Your output must hold every entry exactly as written and none of the pictures.
──────────
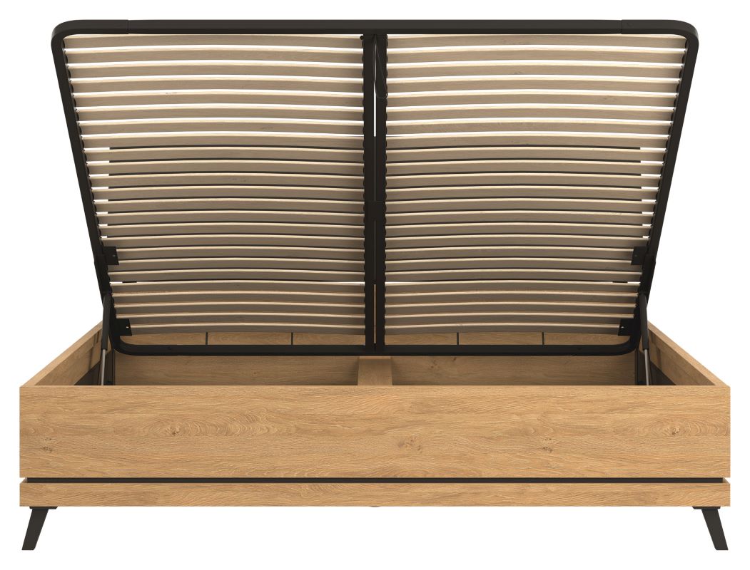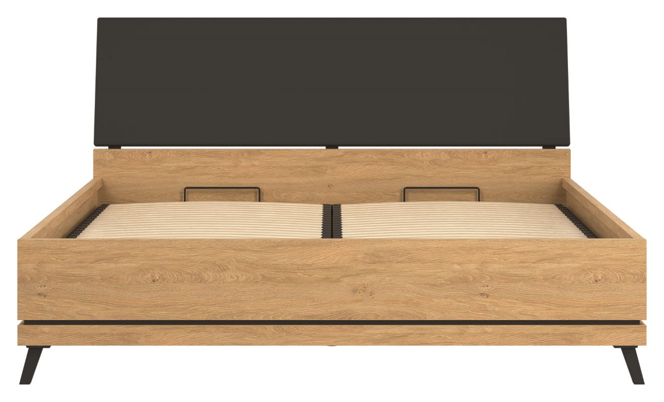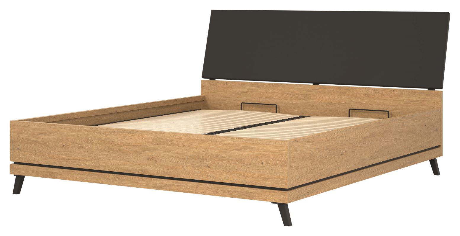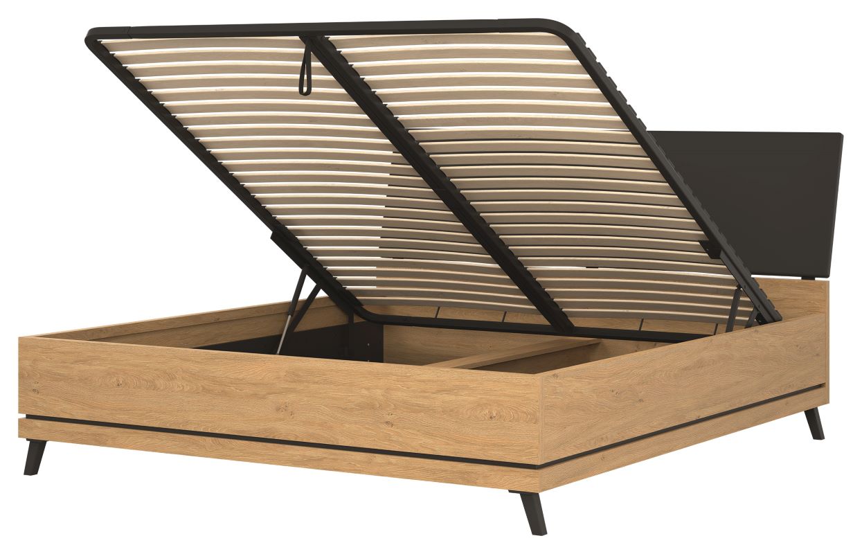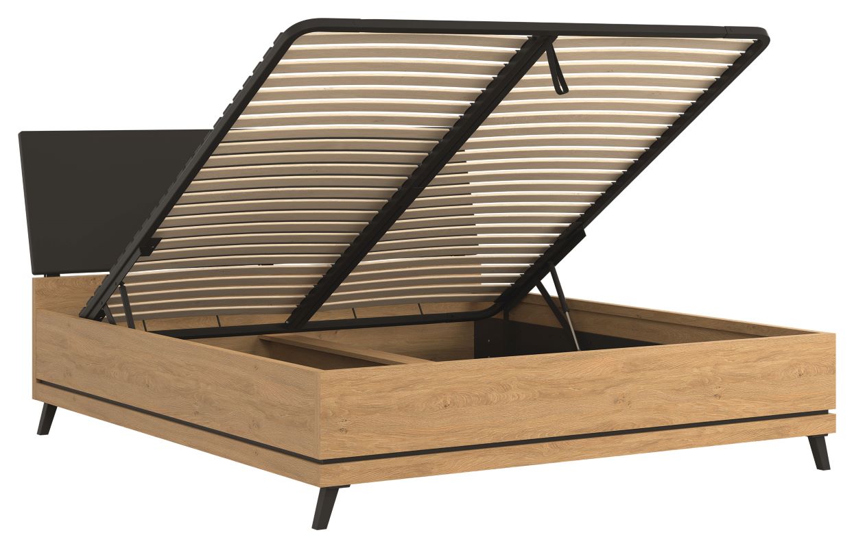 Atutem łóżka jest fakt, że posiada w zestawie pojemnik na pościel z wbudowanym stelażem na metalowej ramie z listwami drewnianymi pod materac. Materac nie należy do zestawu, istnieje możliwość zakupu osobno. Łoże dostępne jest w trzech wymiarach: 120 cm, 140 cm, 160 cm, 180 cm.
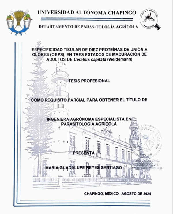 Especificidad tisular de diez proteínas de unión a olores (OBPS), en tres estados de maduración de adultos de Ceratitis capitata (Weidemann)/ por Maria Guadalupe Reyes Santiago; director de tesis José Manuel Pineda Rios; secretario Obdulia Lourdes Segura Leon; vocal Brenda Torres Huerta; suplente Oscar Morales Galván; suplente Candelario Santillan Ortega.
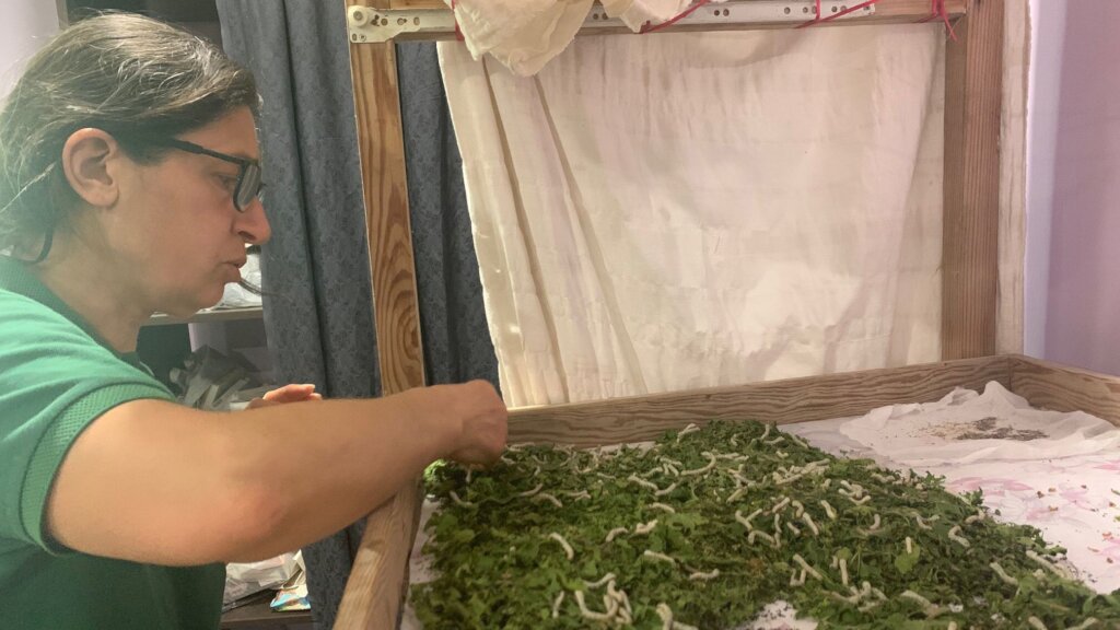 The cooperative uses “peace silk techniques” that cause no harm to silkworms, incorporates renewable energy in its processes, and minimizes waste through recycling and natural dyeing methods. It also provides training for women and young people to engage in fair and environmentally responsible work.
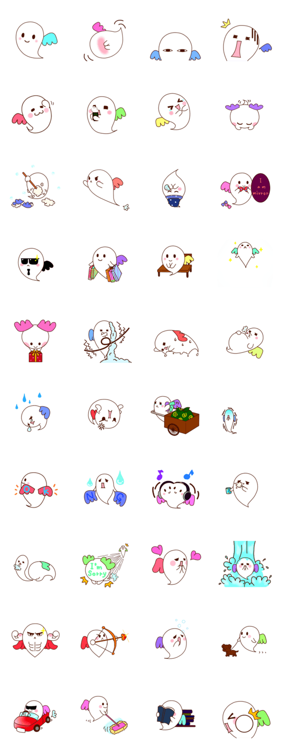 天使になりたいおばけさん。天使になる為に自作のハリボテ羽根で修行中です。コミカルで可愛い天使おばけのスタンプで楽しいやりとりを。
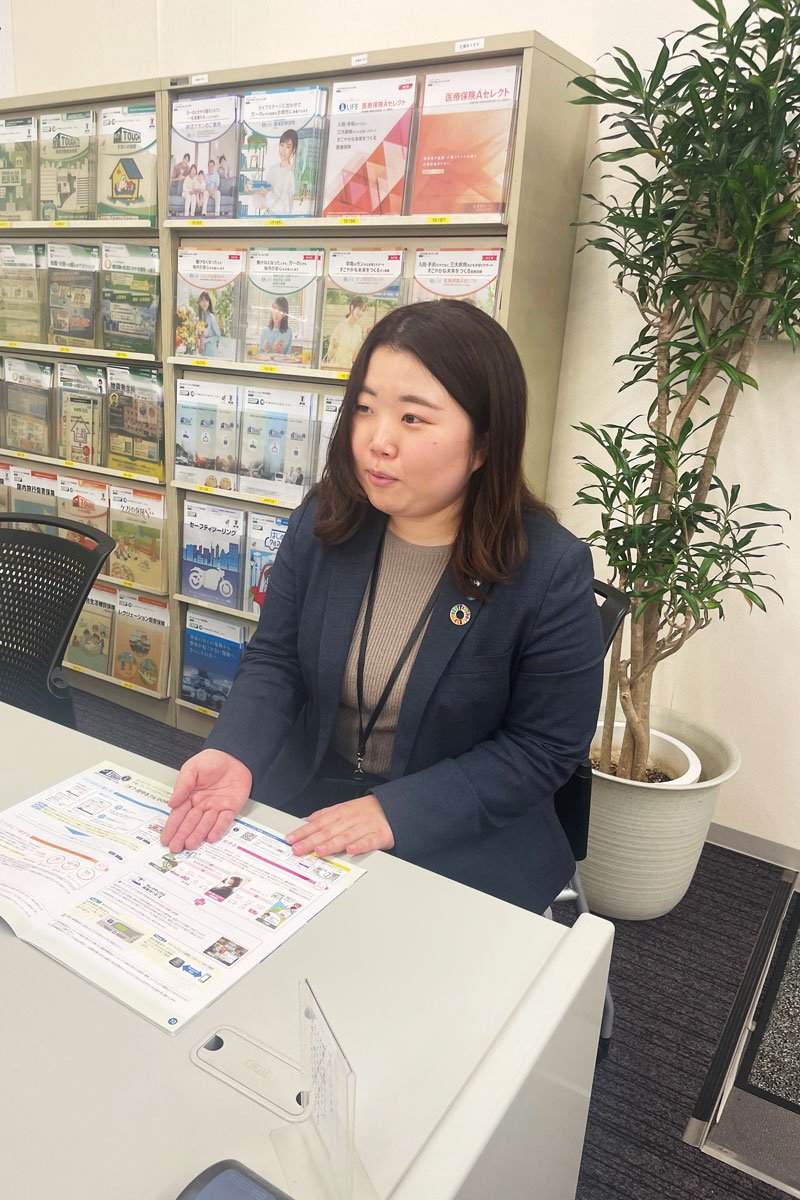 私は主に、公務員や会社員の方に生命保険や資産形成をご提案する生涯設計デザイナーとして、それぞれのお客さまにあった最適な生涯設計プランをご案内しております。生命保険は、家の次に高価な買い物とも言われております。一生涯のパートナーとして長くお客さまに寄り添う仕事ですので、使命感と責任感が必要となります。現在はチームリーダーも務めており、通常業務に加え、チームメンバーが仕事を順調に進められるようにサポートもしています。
──────────
RESULT OF THE EXERCISE:
 Atutem łóżka jest fakt, że posiada w zestawie pojemnik na pościel z wbudowanym stelażem na metalowej ramie z listwami drewnianymi pod materac. Materac nie należy do zestawu, istnieje możliwość zakupu osobno. Łoże dostępne jest w trzech wymiarach: 120 cm, 140 cm, 160 cm, 180 cm.
 Especificidad tisular de diez proteínas de unión a olores (OBPS), en tres estados de maduración de adultos de Ceratitis capitata (Weidemann)/ por Maria Guadalupe Reyes Santiago; director de tesis José Manuel Pineda Rios; secretario Obdulia Lourdes Segura Leon; vocal Brenda Torres Huerta; suplente Oscar Morales Galván; suplente Candelario Santillan Ortega.
 The cooperative uses “peace silk techniques” that cause no harm to silkworms, incorporates renewable energy in its processes, and minimizes waste through recycling and natural dyeing methods. It also provides training for women and young people to engage in fair and environmentally responsible work.
 天使になりたいおばけさん。天使になる為に自作のハリボテ羽根で修行中です。コミカルで可愛い天使おばけのスタンプで楽しいやりとりを。
 私は主に、公務員や会社員の方に生命保険や資産形成をご提案する生涯設計デザイナーとして、それぞれのお客さまにあった最適な生涯設計プランをご案内しております。生命保険は、家の次に高価な買い物とも言われております。一生涯のパートナーとして長くお客さまに寄り添う仕事ですので、使命感と責任感が必要となります。現在はチームリーダーも務めており、通常業務に加え、チームメンバーが仕事を順調に進められるようにサポートもしています。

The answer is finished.